Dr. King is internationally recognized for her research of energy and zinc metabolism
in healthy adults and pregnant women. In her studies of normal weight and obese
women, Dr. King showed that the adjustments in energy expenditure during gestation
are dictated by maternal fat stores at conception, demonstrating that maternal
nutritional status prior to pregnancy influences pregnancy outcome. This information
was the basis for different weight gain standards for underweight, normal weight,
and overweight women by an Institute of Medicine (IOM) Committee chaired by Dr.

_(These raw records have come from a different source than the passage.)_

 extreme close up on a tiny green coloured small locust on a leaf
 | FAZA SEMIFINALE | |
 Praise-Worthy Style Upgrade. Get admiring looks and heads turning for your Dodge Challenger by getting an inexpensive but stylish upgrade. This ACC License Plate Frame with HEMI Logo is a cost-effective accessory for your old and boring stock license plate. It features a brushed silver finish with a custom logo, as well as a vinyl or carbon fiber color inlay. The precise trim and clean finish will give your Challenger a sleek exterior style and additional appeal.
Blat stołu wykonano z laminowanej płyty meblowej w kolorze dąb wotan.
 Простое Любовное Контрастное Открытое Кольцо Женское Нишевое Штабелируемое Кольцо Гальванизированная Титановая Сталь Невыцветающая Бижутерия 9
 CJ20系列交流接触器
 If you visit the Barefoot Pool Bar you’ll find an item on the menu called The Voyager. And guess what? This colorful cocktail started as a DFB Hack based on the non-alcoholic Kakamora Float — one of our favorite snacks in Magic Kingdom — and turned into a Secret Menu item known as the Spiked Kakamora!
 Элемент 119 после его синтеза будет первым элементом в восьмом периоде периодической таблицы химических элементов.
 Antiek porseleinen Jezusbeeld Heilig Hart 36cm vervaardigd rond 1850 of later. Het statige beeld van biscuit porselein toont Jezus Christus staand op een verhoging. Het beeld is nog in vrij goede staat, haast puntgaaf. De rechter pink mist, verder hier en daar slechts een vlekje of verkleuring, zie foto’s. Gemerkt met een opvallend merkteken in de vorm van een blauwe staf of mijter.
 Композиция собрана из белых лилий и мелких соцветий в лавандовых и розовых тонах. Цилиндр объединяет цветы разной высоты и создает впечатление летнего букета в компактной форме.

King. Dr. King currently chairs a United Nations University, Food and Agriculture
Organization, and World Health Organization (WHO) Joint Committee on Dietary
Harmonization. Previously, she served on the Food and Agriculture Organization
Expert Consultative Group on Energy Requirements. Dr. King was chair of the Food
and Nutrition Board in 1994 when the paradigm for the new Dietary Reference Intakes
was established. She also served as Vice-Chair of the Standing Committee on the
Scientific Evaluation of Dietary Reference Intakes. She recently served on a
special committee of the March of Dimes to establish food-based dietary guidelines
for pregnant and lactating women and children younger than age 2 years. She currently
is a member of the United Nations International Zinc Consultative Group.
Dr. King has published more than 200 papers and abstracts
and has trained more than 50 graduate students, postdoctoral
Fellows, and visiting scientists. In
addition to maintaining an active research program, she has
been committed to translating research findings into policy
and practice throughout her career.
In recognition of her international and national reputation,
Dr. King was elected to membership in the IOM/National Academy
of Sciences (NAS)
in 1994. She has a Ph.D. in nutrition from the University
of California, Berkeley.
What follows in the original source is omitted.